(Items from a dataset)
▬▬▬

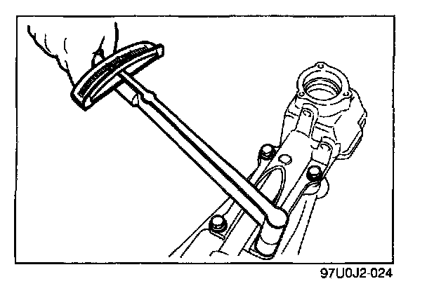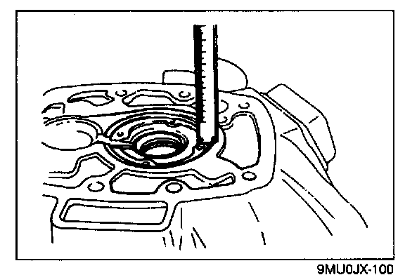 1. Measure the depth of the main drive gear bearing bore in the clutch housing with vernier calipers.
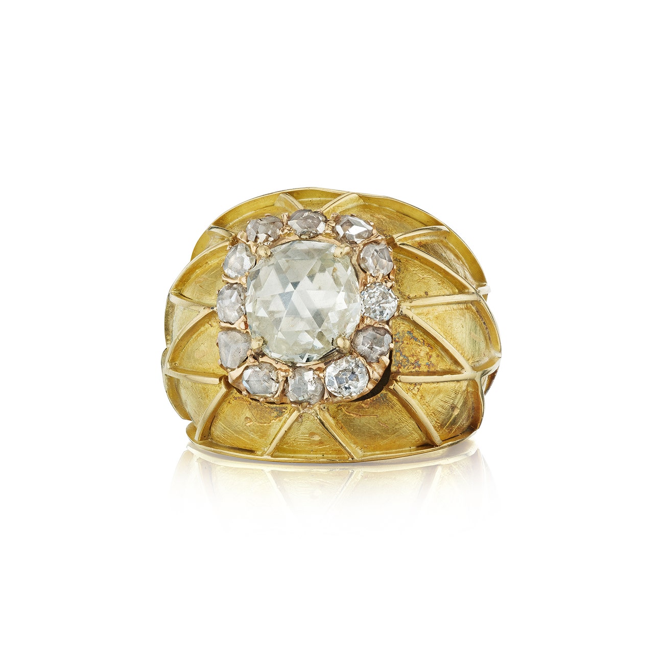 Set with a rose-cut diamond weighing approximately 1.98 carats, surrounded by rose-cut diamonds,
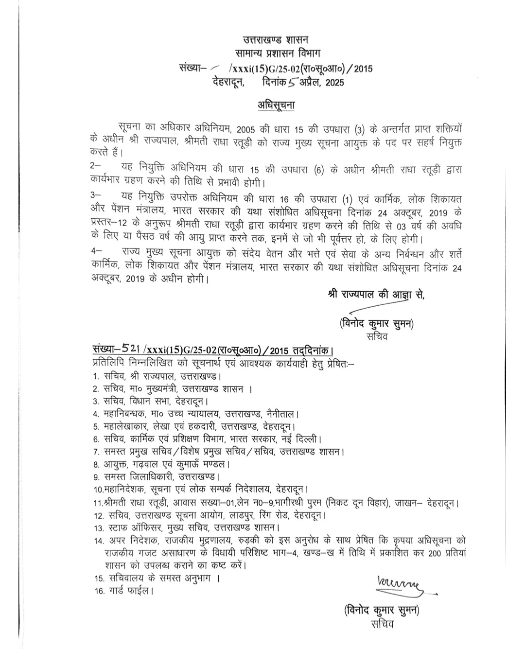 देहरादूनः पूर्व मुख्य सचिव राधा रतूड़ी राज्य की मुख्य सूचना आयुक्त बनी।
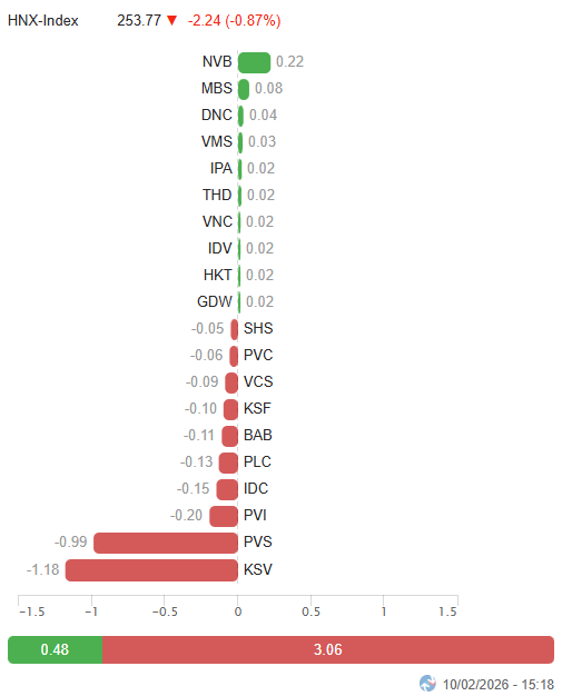 - Các chỉ số chính tiếp tục giảm điểm trong phiên giao dịch ngày 10/02. VN-Index dừng ngay dưới mốc tham chiếu, đạt 1,754.03 điểm; HNX-Index giảm 0.87%, lùi về mức 253.77 điểm.
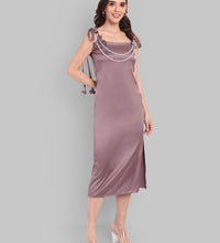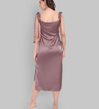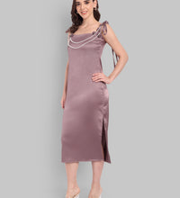 Designed to move with you, this dress is made from soft satin fabric with stretch, offering a flattering fall and comfortable wear.
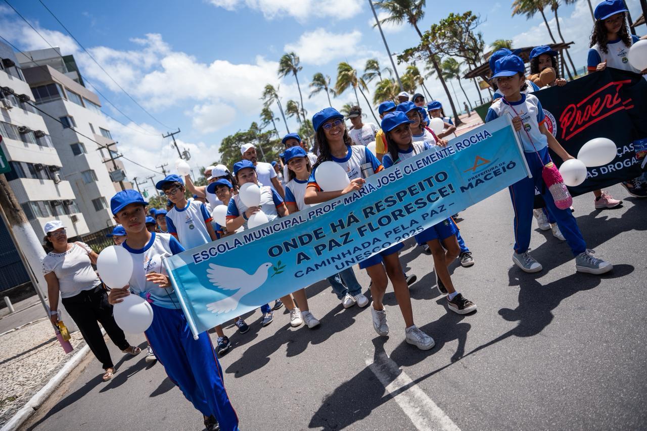 Na manhã deste sábado (4), a praia de Jatiúca, em Maceió, foi palco de mais uma Caminhada da Paz, uma iniciativa da Unesco, em parceria com a Secretaria Municipal de Educação (Semed). O evento reuniu centenas de estudantes da rede pública municipal de ensino e de escolas particulares.
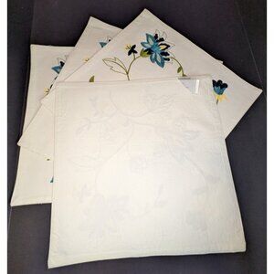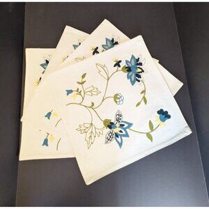 4 Linen Square Placemats Embroidered Blue Green Floral Ridgefield Home 16"
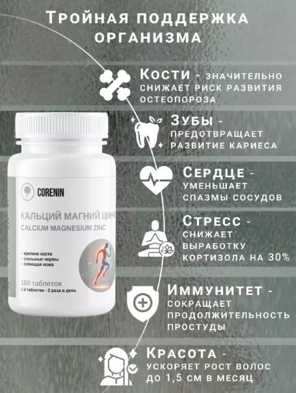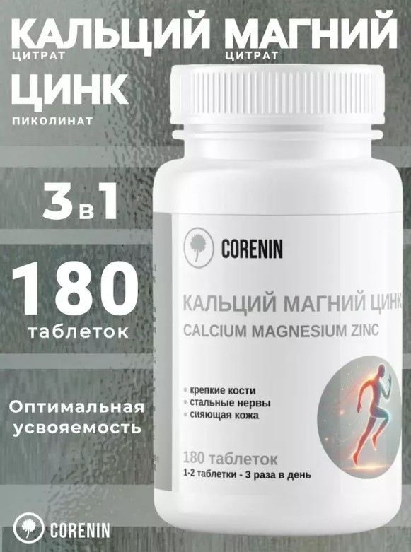 Кальций магний цинк (600 мг) от бренда Corenin — это высококачественный комплекс минералов, который поддерживает здоровье костей, зубов и нервной системы. В каждой упаковке содержится 180 таблеток, что обеспечивает длительный курс приема.
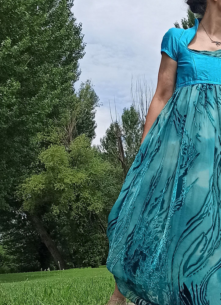 I wanted to make the most of the fabric and respond to that sense of fluidity. So I constructed a fitted top part in Garment Designer, with an Empire/regency impromptu (my favorite Time period). With curvy soft lines. And then I up-cycled a Turquoise Thai silk (a skirt+ shirt for 2 dollars from a thrift store, some 25 years ago) for this purpose.
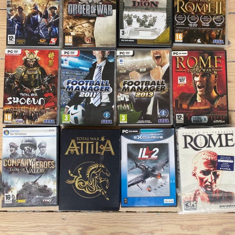 46 spil i alt. Ved en gennemsnit pris på kr. 300 er der spil for kr. 13.800,-
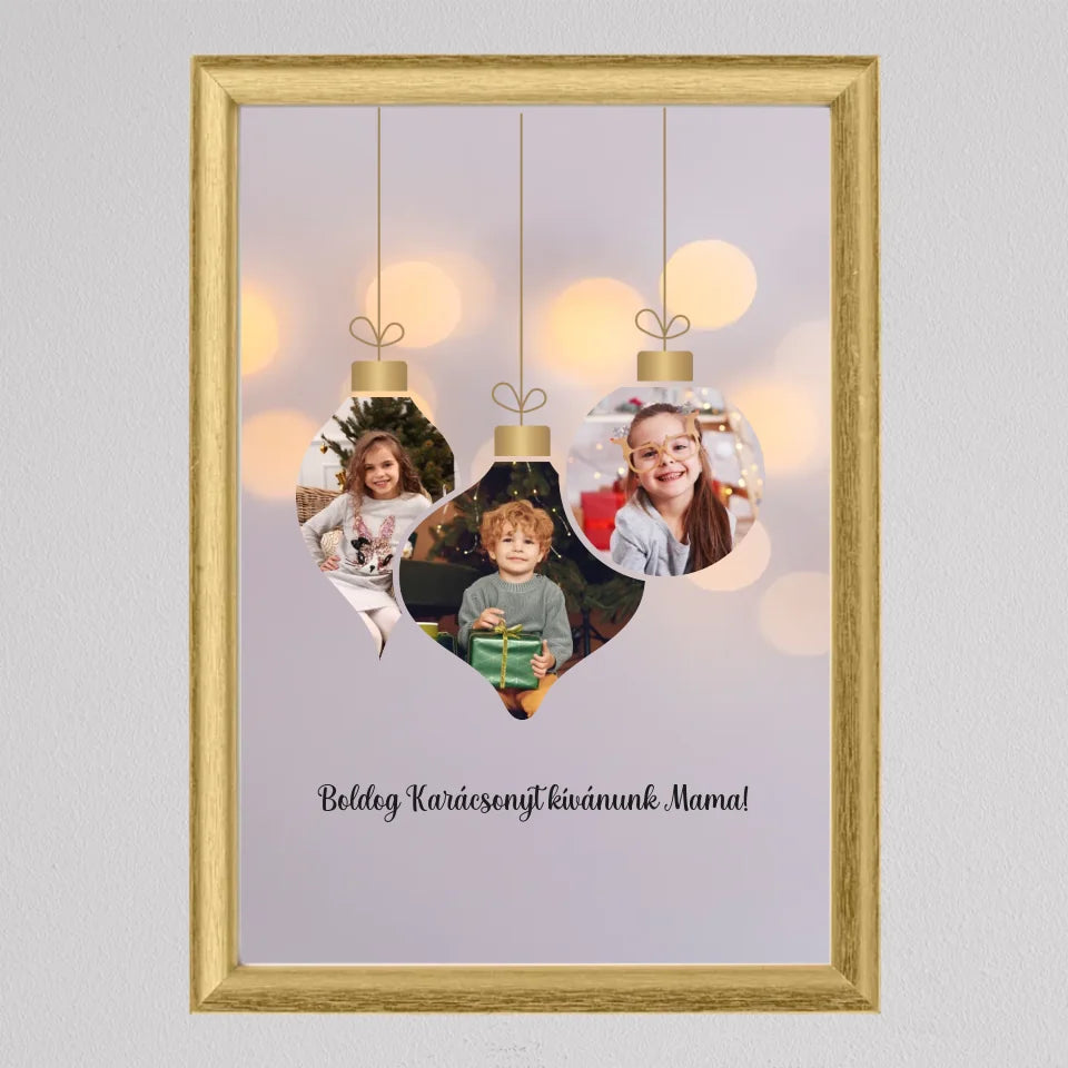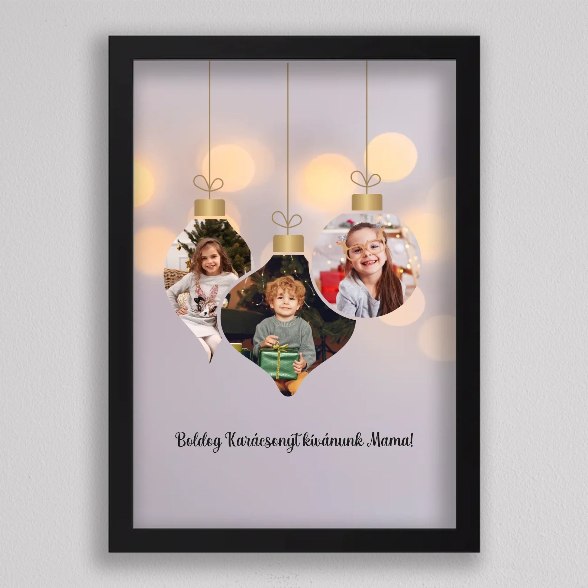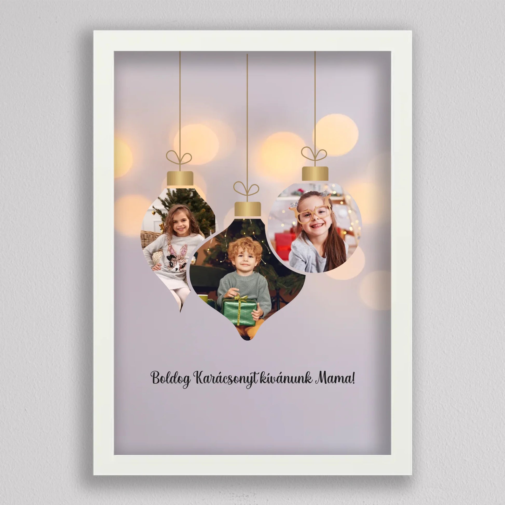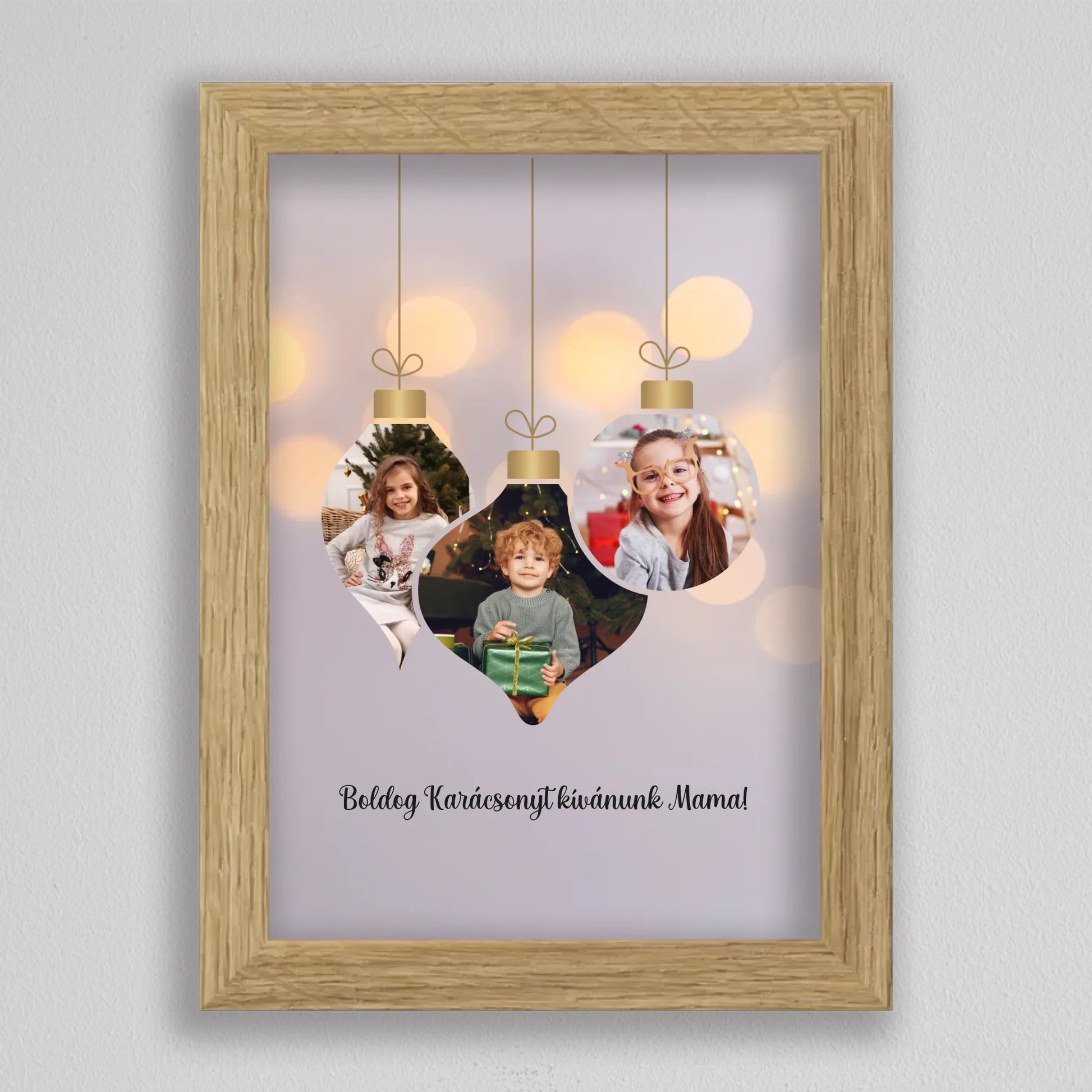A Karácsonyi díszek családi fotókollázs egy gyönyörű, személyre szabható ajándék, amely a legszebb családi pillanatokat örökíti meg az ünnepi hangulatban. A kollázs egyedi karácsonyi díszek formájában jeleníti meg a családtagok fotóit, így tökéletes választás nagymamáknak, szülőknek vagy bármely szeretett személynek karácsonyi ajándékként. A modern, letisztult dizájn mellett lehetőség van személyes üzenet hozzáadására is, hogy az ajándék még különlegesebb legyen. Ideális dekoráció az otthon bármely pontjára, amely melegséget és ünnepi hangulatot sugároz.
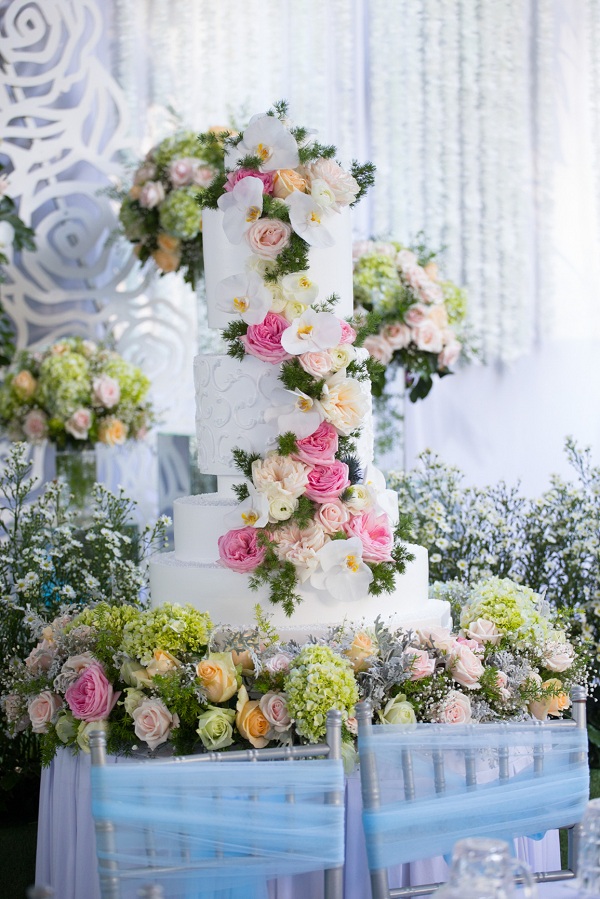 Bánh cưới cũng được trang trí bằng hoa tươi

▬▬▬

HOW TO COMPLETE THIS TASK:
Keep to the lines above from the line with "Кальций магний цинк" to the line with "46 spil i alt.", and set down exactly those, inclusive, with nothing else and every picture left out.

WRITTEN SOLUTION:
 Кальций магний цинк (600 мг) от бренда Corenin — это высококачественный комплекс минералов, который поддерживает здоровье костей, зубов и нервной системы. В каждой упаковке содержится 180 таблеток, что обеспечивает длительный курс приема.
 I wanted to make the most of the fabric and respond to that sense of fluidity. So I constructed a fitted top part in Garment Designer, with an Empire/regency impromptu (my favorite Time period). With curvy soft lines. And then I up-cycled a Turquoise Thai silk (a skirt+ shirt for 2 dollars from a thrift store, some 25 years ago) for this purpose.
 46 spil i alt. Ved en gennemsnit pris på kr. 300 er der spil for kr. 13.800,-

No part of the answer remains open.